For the last almost 20 years I have been working in web development and multimedia development. I started out as an Interaction Designer, but eventually decided to broaden my scope a little bit just to have more understanding about how everything comes together.
Doing that, I made a – pretty unconscious – decision to forget about excelling in one thing, but become – I hope – rather good in more things. For me it was a mix of pure frustration and curiosity that drove me there. The frustration came from other people in my teams telling me that my designs were no good because the code could not support it – so I had to lower my standards – and the curiosity came from wanting to know why code could not support it.
It got me into coding. And I still do not know if I should be happy about it that I did. Sure, I like it that I can set up whole productions from server installation, firewall configurations and databases, to designing and developing marketing tools, CRMs, CMSs, and make it work with any kind of design so no one can tell me my design cannot work on any code anymore. Fine. Sounds good… I can also lead teams, know when someone tries to get out of work by telling me that something cannot be done, see when someone is slacking, or where motivation is needed. Also fine.

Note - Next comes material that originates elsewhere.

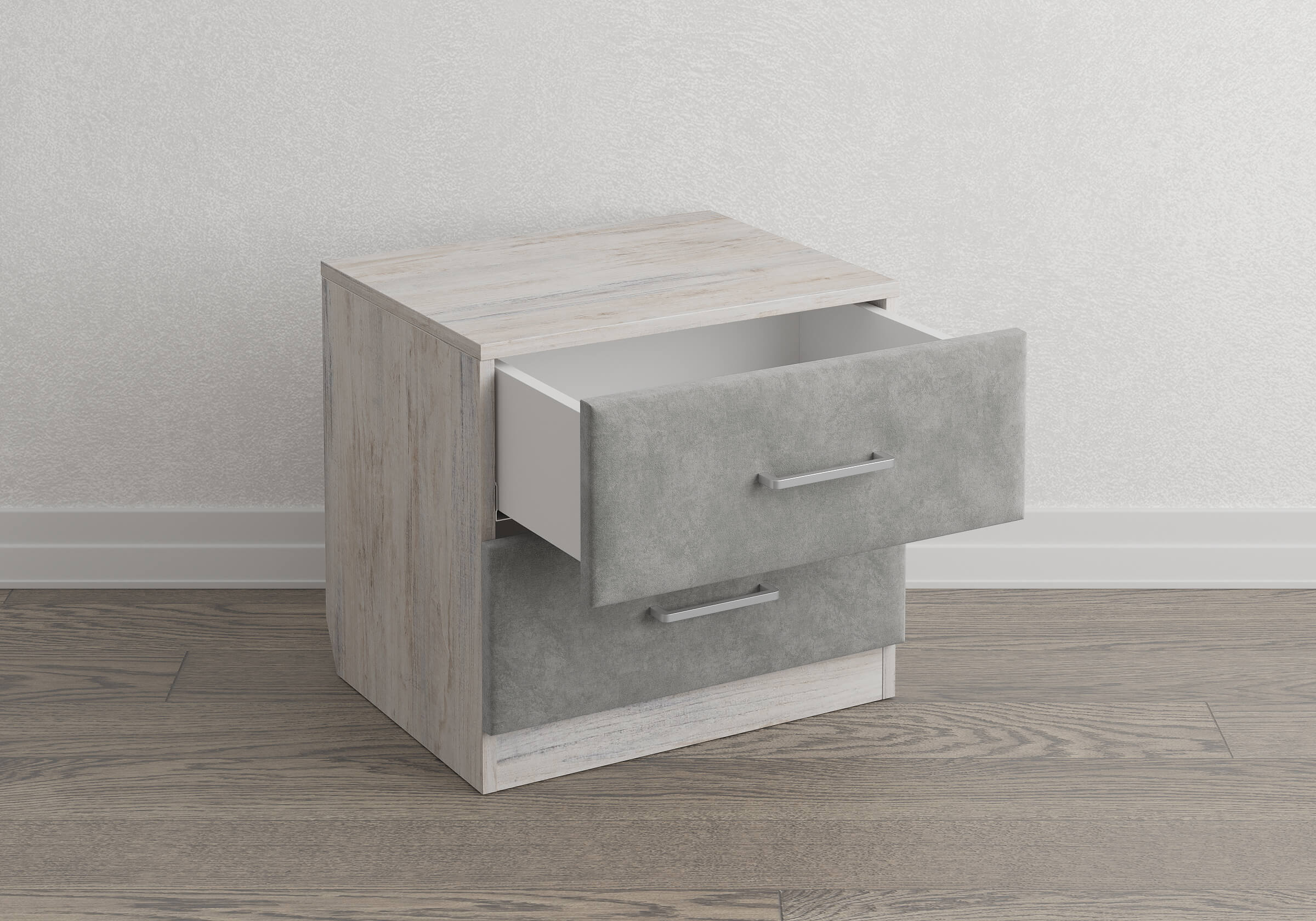 Элегантная комбинированная тумба, сочетающая в себе лаконичность ЛДСП и уют мягких фасадов ящиков, обтянутых тканью. Конструкция тумбы предусматривает два вместительных выдвижных ящика с направляющими скрытого монтажа и доводчиками. Корпус из ЛДСП гарантирует долговечность и устойчивость к механическим повреждениям, а мягкие фасады в ткани и изящные металлические ручки добавят уют. Большое разнообразие текстур и цветовых решений для гармоничной интеграции в любой интерьер.

But the cost of it is actually that trying to keep up to date about a lot, about all the advances in technology on all those platform, is too much to keep track of. So, I know of a lot just enough. Enough to create a well-funded opinion and to know what to learn if I want to get things done, but not enough to excel in anything. I am no programmer that can build anything right at this minute without diving into a book or searching more clarity of how to proceed online. Specialists will always be better in each and every element.
Still, a specialist alone cannot make a production and can only work in a team where I can set up, maintain and run a whole project alone. And that is a blessing and a curse. It is good to be able to think up projects, design them, prototype them and then release them in version 1.0, and then with a team of specialists make it shine to version 2.0, it is something I love to do. But, if you are also in such a role, you know you also get to deal with a lot of crap. Because somehow you usually in corporate IT end up to be considered ‘mediocre’ by specialists, and clients or managers always come to you to bug you about all the aspects of the project because, well, you cover all those elements.
Sure, my coding is by no means perfect. But it is secure, stable, does exactly what it needs to do. My servers have never crashed by coding issues for the last three years, and I am able to make productions in Flash, AJAX, simple HTML, Server-side or client-side or both, for your desktop, tablet and mobile platforms and discover and fix problems for differences in IE, FireFox, Chrome, Safari, Opera and many other browsers. And I can go into discussion with a client to convince them why it is essential to upgrade away from Windows 2000 and actually make sense to them.
But, as you have learned from the first paragraph, I am a designer by origin. Officially trained at the art academy. And you know it about artists… they are a stubborn bunch and emotionally attached to what they do. Woohoo! So critic has to be delivered to me with some time to let it work into me. Because the other negative point is, I know what it is to run a business, and that no matter how good you want a product to be; when there are finances involved, there is also this business side of – is it worth my time? In the past I liked to give my team manager, CEO, partner, whatever crap about that they did not understand the importance of good design. But truth to be told, I had no idea about their job either.
So, there I am. Technician, programmer, developer, designer, artist, producer, business owner. No entry-level in anything. Senior, absolutely, master in some, but most of them I am adequate. Sometimes I love it, sometimes I hate it. But it’s me.
And I know I am not the only one out there like that, there are a whole bunch of people whose specialization is not being specialized in one thing. And I do believe they do not get enough credit. So this is my shout-out to those out there building up the foundations for future successes.